- [WHAT IS BEING ASKED]
Copy nothing before the line that contains "Fotomurales Bolas blancas"; from there, transcribe each line exactly through the end of the material, omitting pictures.

- [SUPPLIED ENTRIES]
************

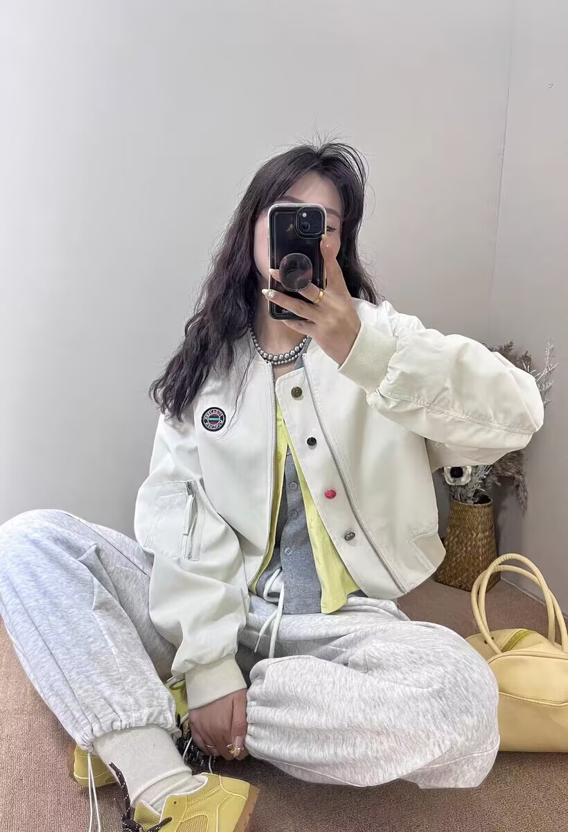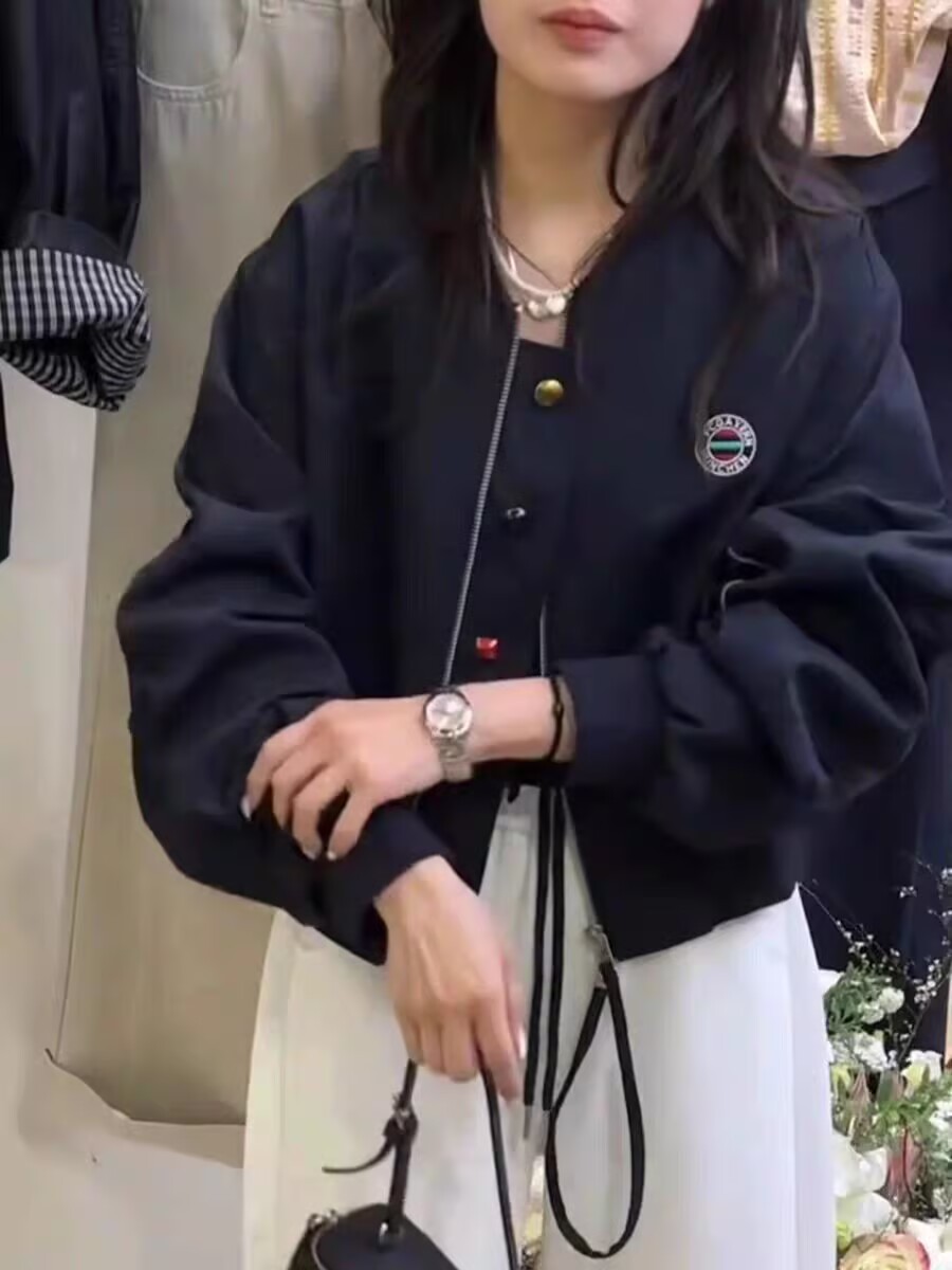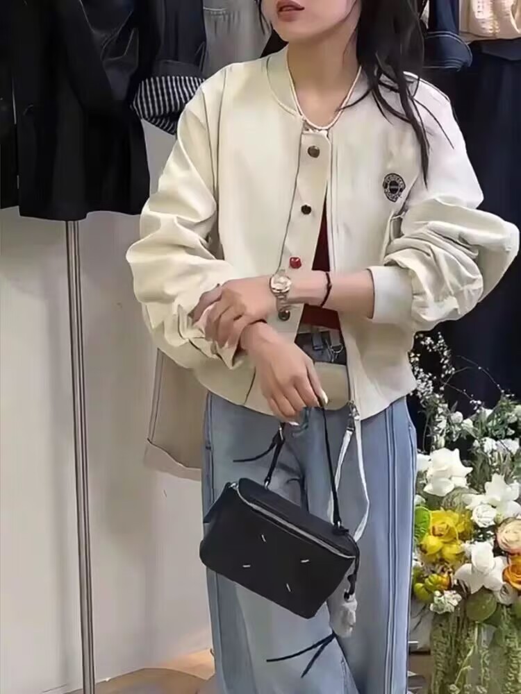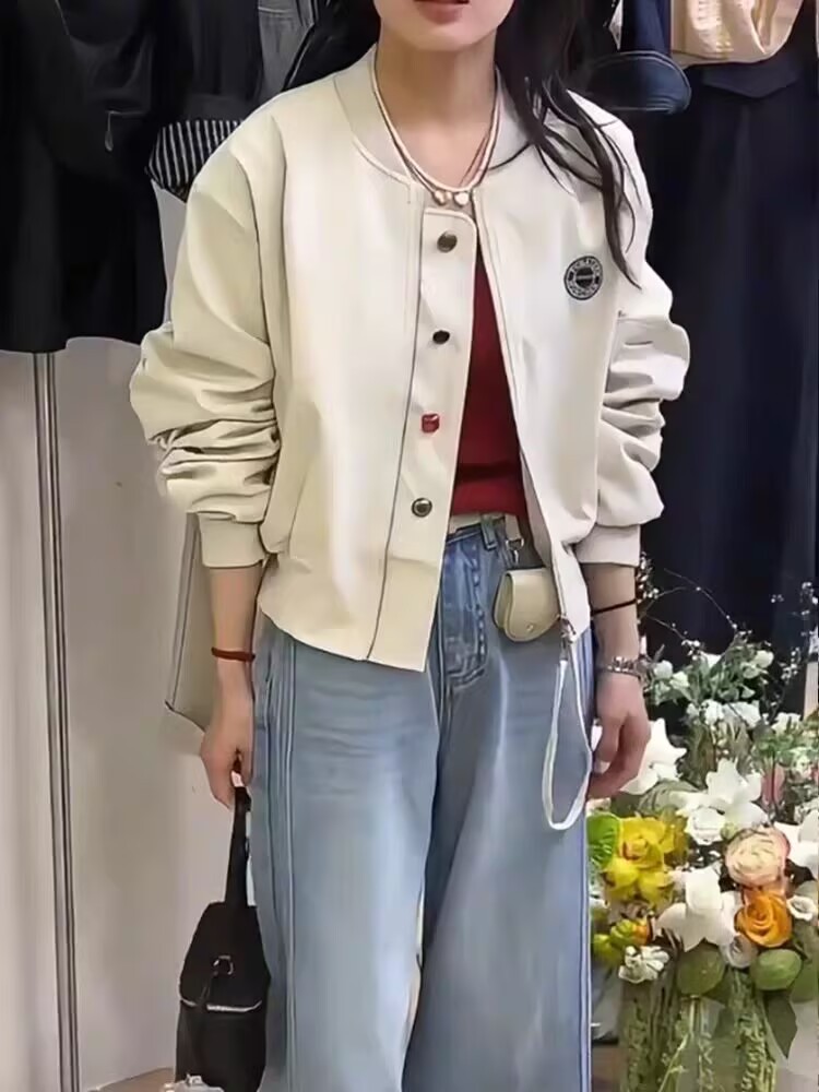 여성을위한 스팟 컬러 버튼 야구 재킷 25 봄 새로운 스타일 느슨하고 다재다능한 연령 감소 짧은 재킷 유행스토어 가기
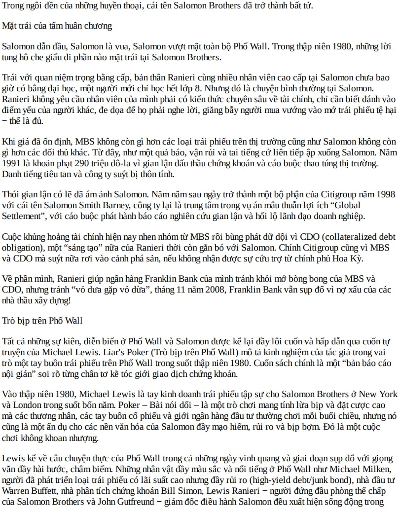 Salomon Brothers trong mắt Lewis là nơi mà tài năng và lòng tham luôn song hành. Cuốn sách mô tả chi tiết:
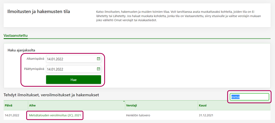 Kirjoita Hae sisällöstä -kenttään ilmoitusta tai hakemusta kuvaava asiasana tai osa siitä ja paina Enter. Esimerkiksi jos kirjoitat kenttään sanan "metsä", listassa näkyvät kaikki metsätalouden veroilmoitukset, jotka olet valitsemallasi ajanjaksolla lähettänyt.
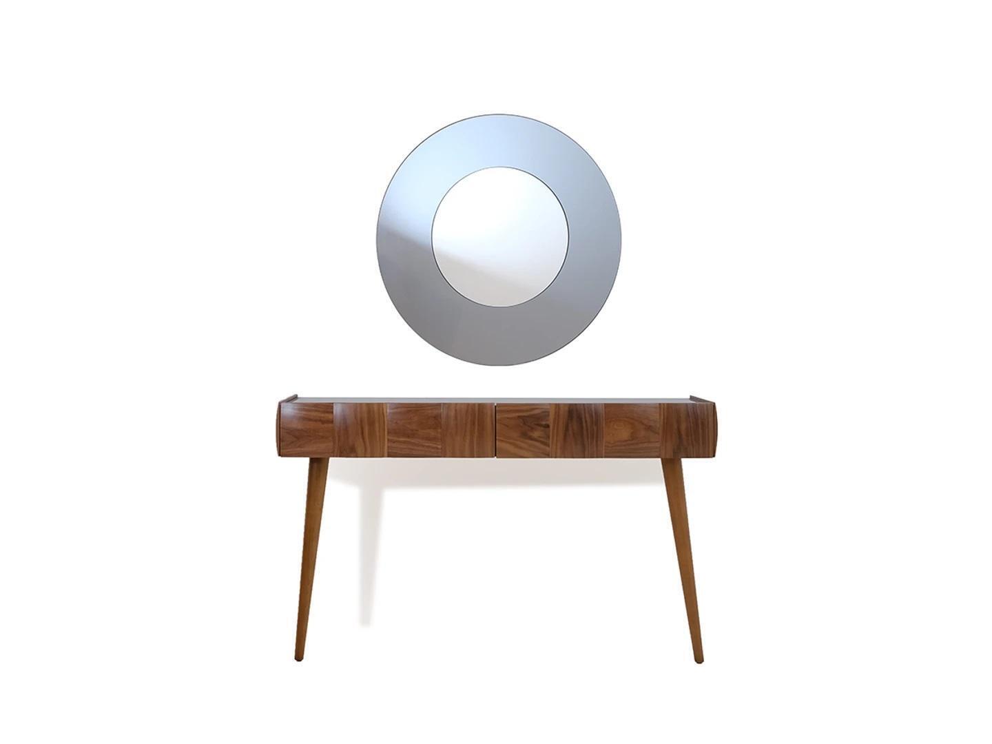 Konsolnijs ar spoguli Moderns dzīvojamais istabas luksusa mēbeļu komplekts Konsole ir stilīgs un funkcionalitāti pilns mēbeļu komplekts tavai dzīvojamai istabai. Šis konsoles galds ar spoguli ir izgatavots no augstas kvalitātes koka un ir apmēram 151 x 47 x 86 cm liels. Tas ir ideāli piemērots, lai papildinātu jūsu interjeru un nodrošinātu gan stilu, gan praktiskumu. Spogulis ar izmēriem apmēram 84 x 84 cm piešķirs telpai plašāku un gaismu pilnu izskatu. Krāsa atbilst attēlam, padarot to universālu dizaina elementu jebkurā dzīvojamā istabā.
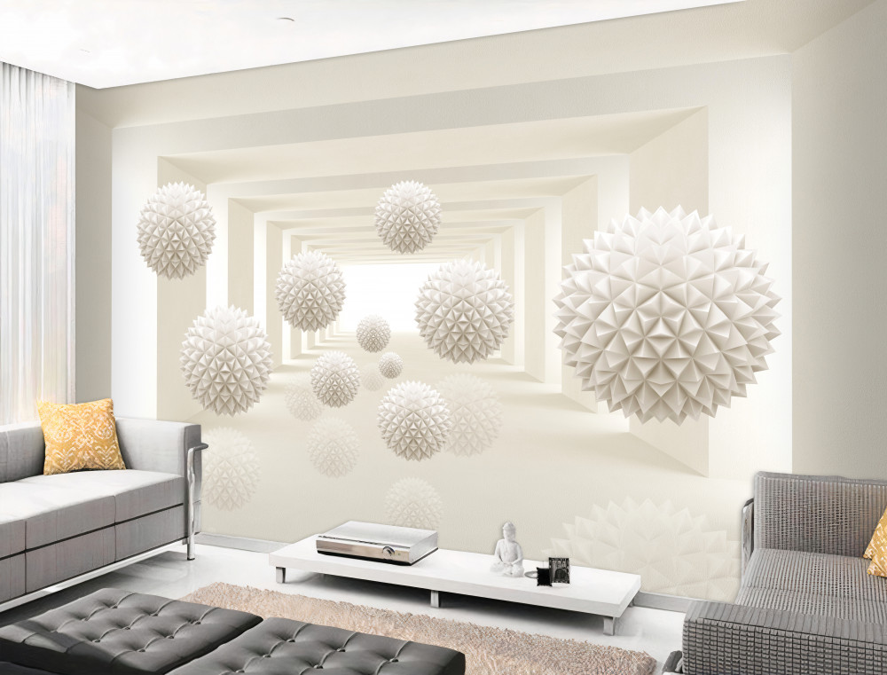 Fotomurales Bolas blancas y afiladas en una habitación brillante
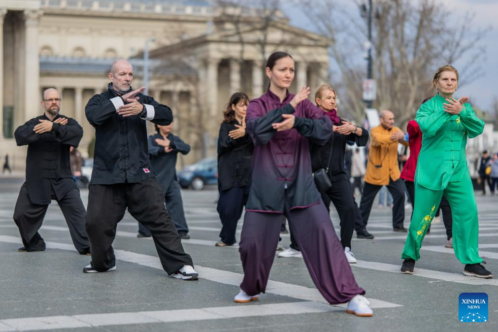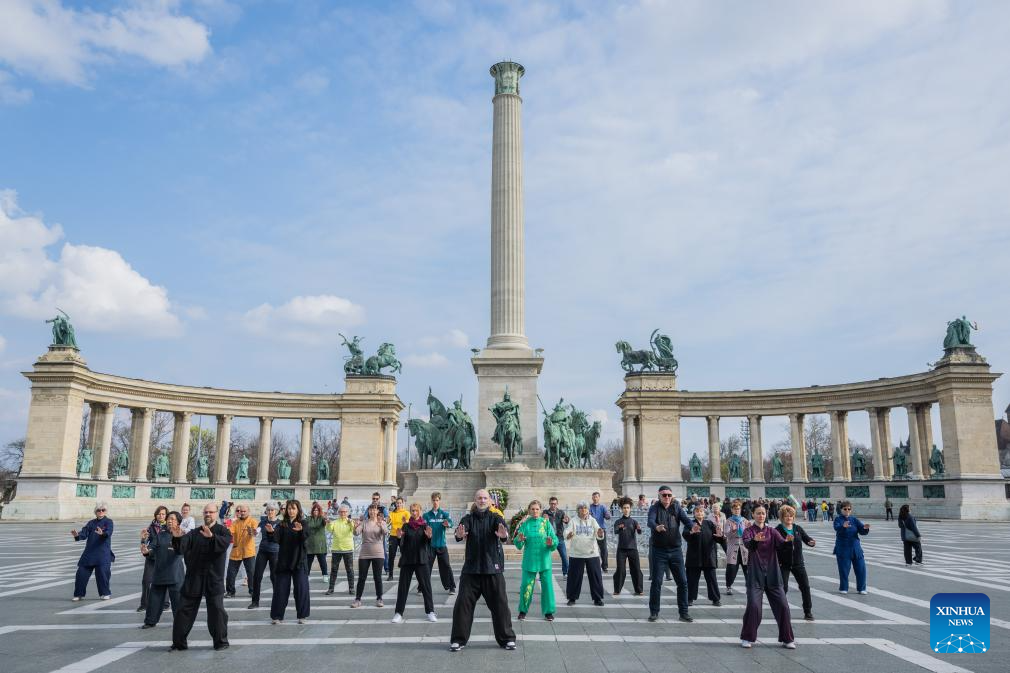 BUDAPEST, 21 marzo, 2026 (Xinhua) -- Entusiastas del Taijiquan realizan una presentación durante el evento de celebración, en Budapest, Hungría, el 21 de marzo de 2026. Una celebración por el primer Día Internacional del Taijiquan, organizada por la Federación Húngara de Wushu, se llevó a cabo aquí el sábado en la Plaza de los Héroes. (Xinhua/Marton Koncz)
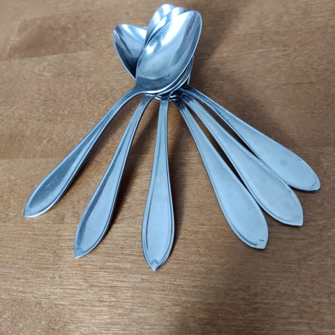 Hackman Sorsakoski ruokalusikat ruostumattomasta teräksestä, täysi tusina. Ovat kunnoltaan hyviä, kauniita, ajattomia. Hinta 3 euroa kappale. 36 euroa yhteensä.

************

- [COMPLETED EXERCISE]
 Fotomurales Bolas blancas y afiladas en una habitación brillante
 BUDAPEST, 21 marzo, 2026 (Xinhua) -- Entusiastas del Taijiquan realizan una presentación durante el evento de celebración, en Budapest, Hungría, el 21 de marzo de 2026. Una celebración por el primer Día Internacional del Taijiquan, organizada por la Federación Húngara de Wushu, se llevó a cabo aquí el sábado en la Plaza de los Héroes. (Xinhua/Marton Koncz)
 Hackman Sorsakoski ruokalusikat ruostumattomasta teräksestä, täysi tusina. Ovat kunnoltaan hyviä, kauniita, ajattomia. Hinta 3 euroa kappale. 36 euroa yhteensä.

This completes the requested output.